Он – это мальчик, всего лишь мальчик с аккуратно причесанными на прямой пробор волосами и в рубашке с белым воротничком, выпущенным поверх серого свитера. Таким я увидел его тогда, пятнадцать лет назад, в одном из залов нашего музея и такой же точный образ унесу с собой туда, в тюремную камеру, или в тот колодец темного арестантского двора, где меня расстреляют.
Никогда, слышите, никогда мое отношение к этому ребенку не вырывалось за заградительный кордон греховных мыслей. Ни словом, ни делом, ни жестом за все пятнадцать лет я ни разу не дал ему понять, что люблю его не только как сына. Никто не знал, чего мне это стоило – мимоходом положенная на плечо мальчика, а затем юноши отеческая рука, нежное поглаживание по затылку – и что особенного? – но к каждому этому действию я готовился, как к священному таинству первой брачной ночи, и долго потом ласкал и нежил руку, которой посчастливилось прикоснуться к его волосам, коже! Я долго, очень долго шел к тому, чтобы счастье обладания – на расстоянии – обладания этим мальчиком, а затем и юношей стало моей ежедневной радостью. Целый год я разыгрывал комедию неуклюжей влюбленности в эту женщину – его мать. Когда в конце концов мы поженились, я тут же предложил усыновить мальчика и, наверное, сделал это слишком поспешно, потому что радость, появившаяся на лице моей жены, как-то сразу сменилась тенью недоумения, но я опомнился, разогнал эту тень целым камнепадом фальшивых признаний:
– Милая, ты же знаешь, я люблю все, что любишь ты. У нас с тобой вряд ли возможны дети, и я хотел бы воспитывать Стасика, как своего…

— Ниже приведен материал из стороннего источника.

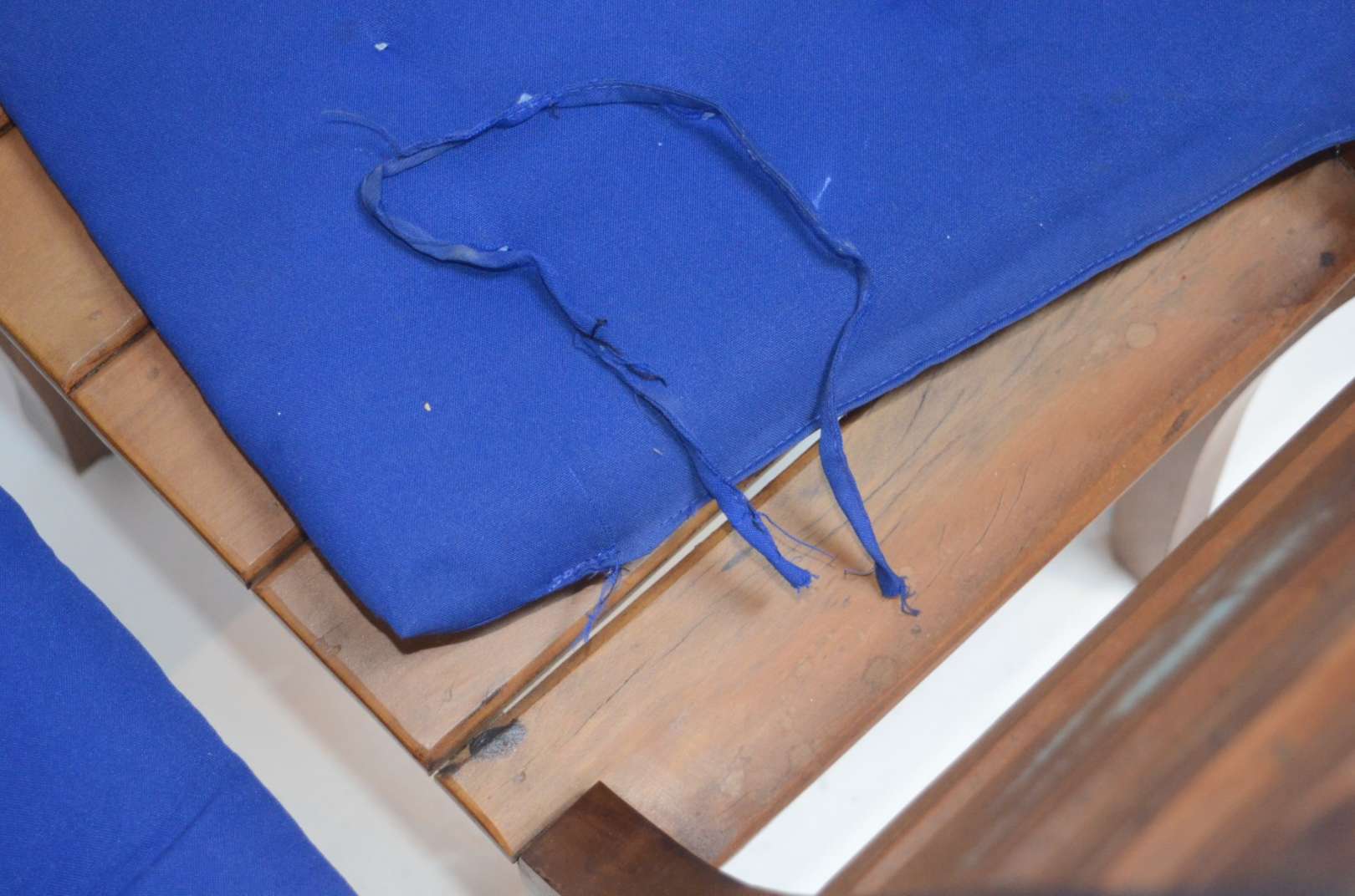 Poltrona com banqueta de ferro pintado, almofadas soltas. Oxidações.

Остаток вечера она прорыдала у меня на плече. А я закрывал глаза и представлял… представлял себе совершенно невообразимые вещи.

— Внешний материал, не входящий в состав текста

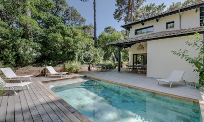 Sublime villa contemporaine, entièrement rénovée, d'une surface de 165 m² sur 945 m² de parcelle : Vous disposerez d'un vaste salon avec cheminée et d'une très belle cuisine ouverte entièrement équipée "design", cellier /buanderie et garage attenant. Lespace nuit est composé de deux grandes suites ainsi que deux belles chambres supplémentaires avec salle d'eau. Grâce à une large baie vitrée à galandage, l'espace vie donne sur la piscine et terrasse avec en toile de fond un panorama spectaculaire sur la forêt domaniale. Les atouts majeurs de cette villa sont : ELEGANCE, EMPLACEMENT EXCEPTIONNEL, PRESTATIONS HAUT DE GAMME, QUIETUDE !! Les informations sur les risques auxquels ce bien est exposé sont disponibles sur le site Géorisques :

Я знал, что они невообразимые. Легко было Гумберту Гумберту, герою набоковской «Лолиты», признаваться в своей запретной любви и даже с удивлением отмечать, что его мечта, его нимфетка, сама очарована этим «пятиногим чудовищем»! Гумберт был хорош собой и прекрасно образован – я же лишь образован, но разве это могло представлять интерес для десятилетнего мальчика? Мою страсть даже нельзя было назвать, как в случае с той же книжной Лолитой, «порочно-красивой». Она была всего лишь смешной: толстый, лысый, неуклюжий старик – и пленительно-прекрасный юноша, тело которого, даже сокрытое одеждой, напоминало тело греческого бога…
Я всего лишь мог сделать так – и делал это, – чтобы моему юному Нарциссу было со мной интересно. «Ах, какой редкий случай отеческой любви к совершенно чужому ребенку!» – вздыхали подруги моей жены. А я, глядя из-под очков на эти какие-то одинаковые, похожие на блины лица старых дев и старух, чувствовал себя безмерно, бесконечно одиноким.

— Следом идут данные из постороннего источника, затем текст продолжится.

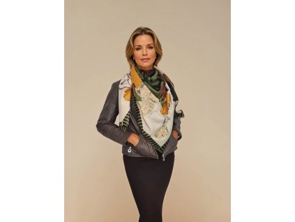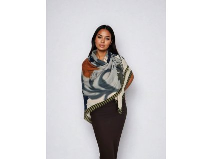Sladěné převážně studené tóny barev s krásným květinovým vzorem, který je doplněn paisley ornamenty, vše lemováno leopardím vzorem. Vzorovanou šálu můžete libovolně nakombinovat k šatům, kabátu i saku a džínám. Lehce uvázat kolem krku, jako přehoz / pléd přes ramena ... fantazii se meze nekladou. Materiál je na kůži velice příjemný. Praní viz. etiketa údržby.

«И все-таки, – думал я, подбадривая себя тем единственным способом, которым располагал. – И все-таки у меня есть ОН…»
Но мальчик рос, юноша мужал и все дальше отдалялся от меня, и вот уже он стал совсем взрослым, и мы с женой подарили ему мою московскую квартиру, а сами переехали на окраину. Нормальный поступок, стандартное проявление родительской любви! Но никто не знал, скольких мук стоило мне это решение, и никто даже не догадался, что я оставил себе ключ от дома, где теперь жила моя любовь.